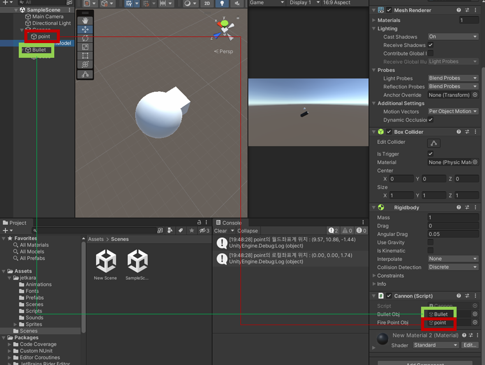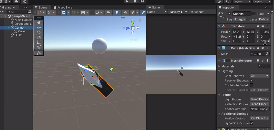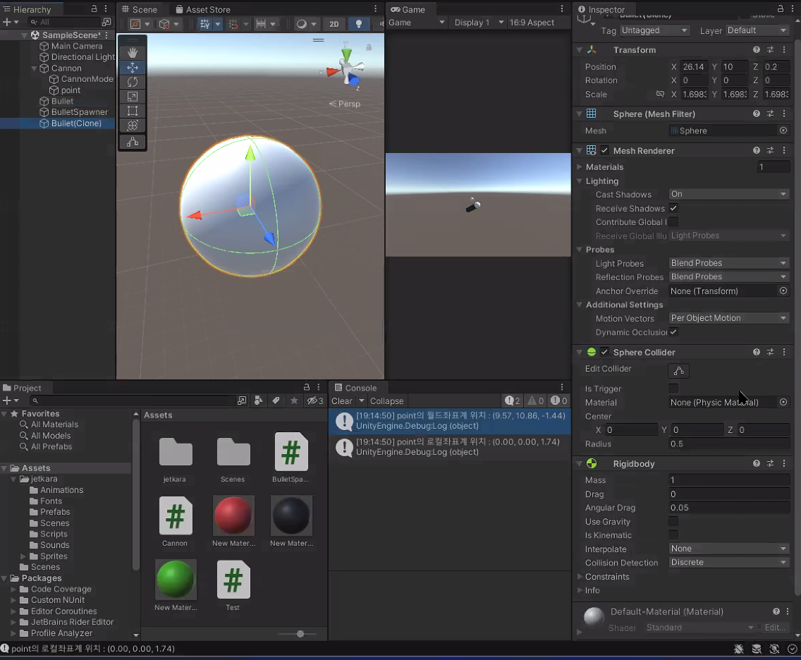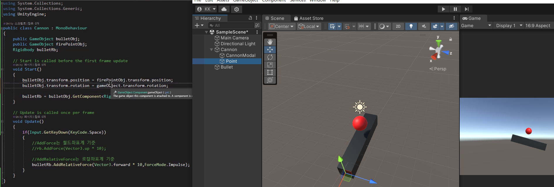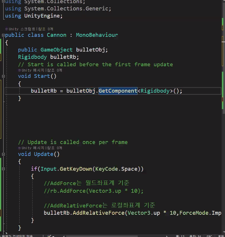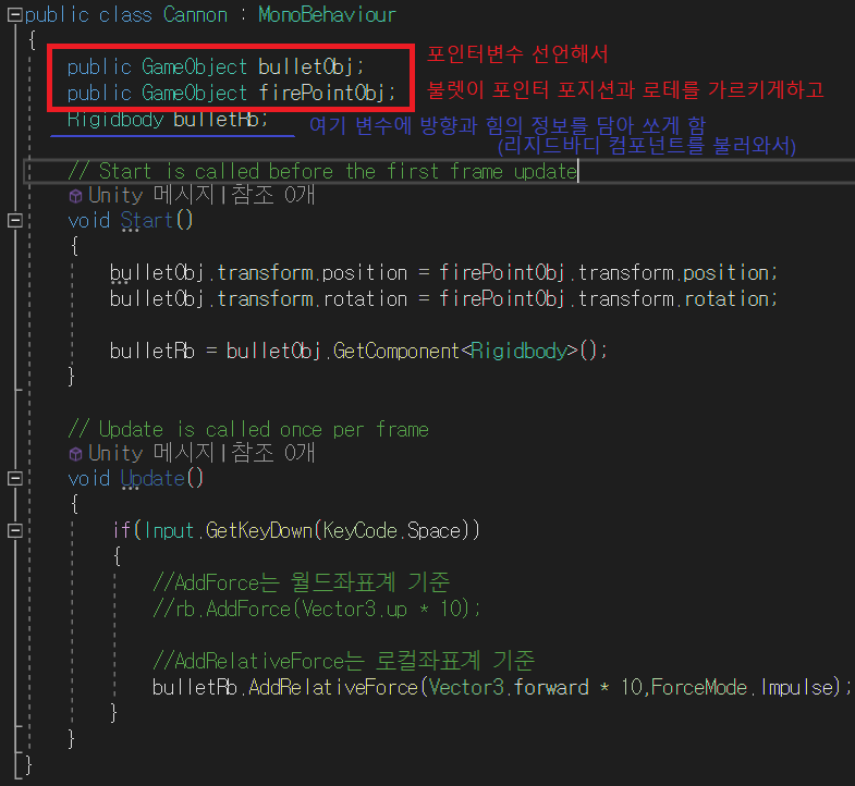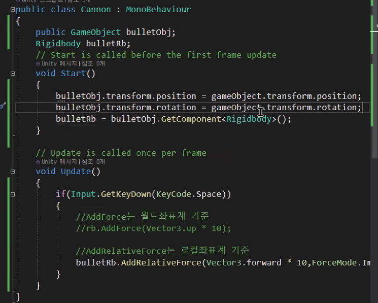 캐논에서 스크립트를 짜서 날릴때 환의 트랜스폰(위치)와 리지드바디 정보가 필요
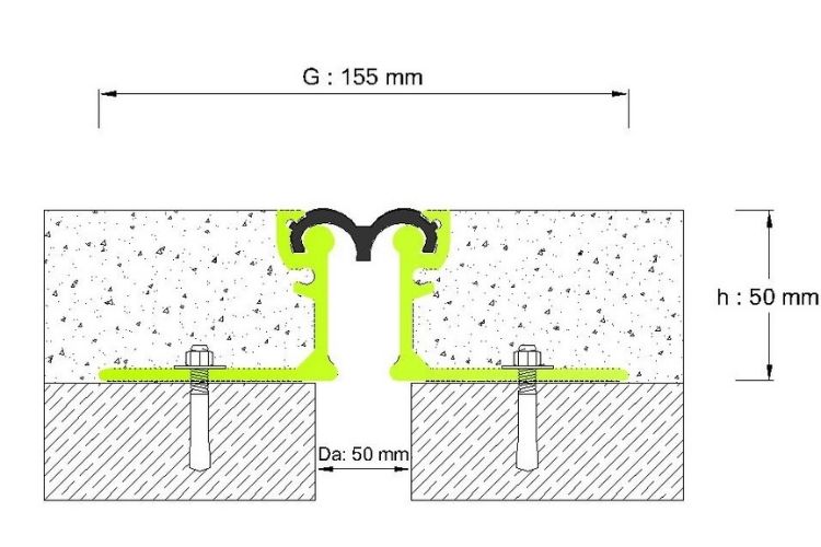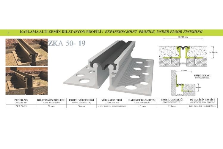 50 mm DİLATASYON BOŞLUKLARI İÇİN KAPLAMA ALTI AĞIR YÜK ZEMİN DİLATASYON PROFİLİ
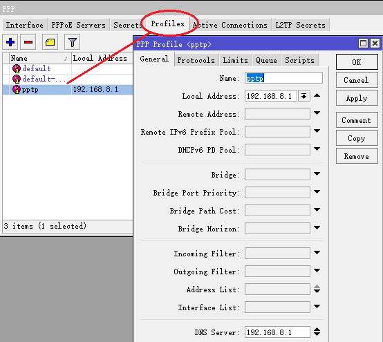 配置一、开启RouterOS的PPTP服务,并创建一个新的profile规则
———
**TASK:**
In the copy, include no pictures; restate the listing above exactly.

**ANSWER FOR THE TASK:**
 캐논에서 스크립트를 짜서 날릴때 환의 트랜스폰(위치)와 리지드바디 정보가 필요
 50 mm DİLATASYON BOŞLUKLARI İÇİN KAPLAMA ALTI AĞIR YÜK ZEMİN DİLATASYON PROFİLİ
 配置一、开启RouterOS的PPTP服务,并创建一个新的profile规则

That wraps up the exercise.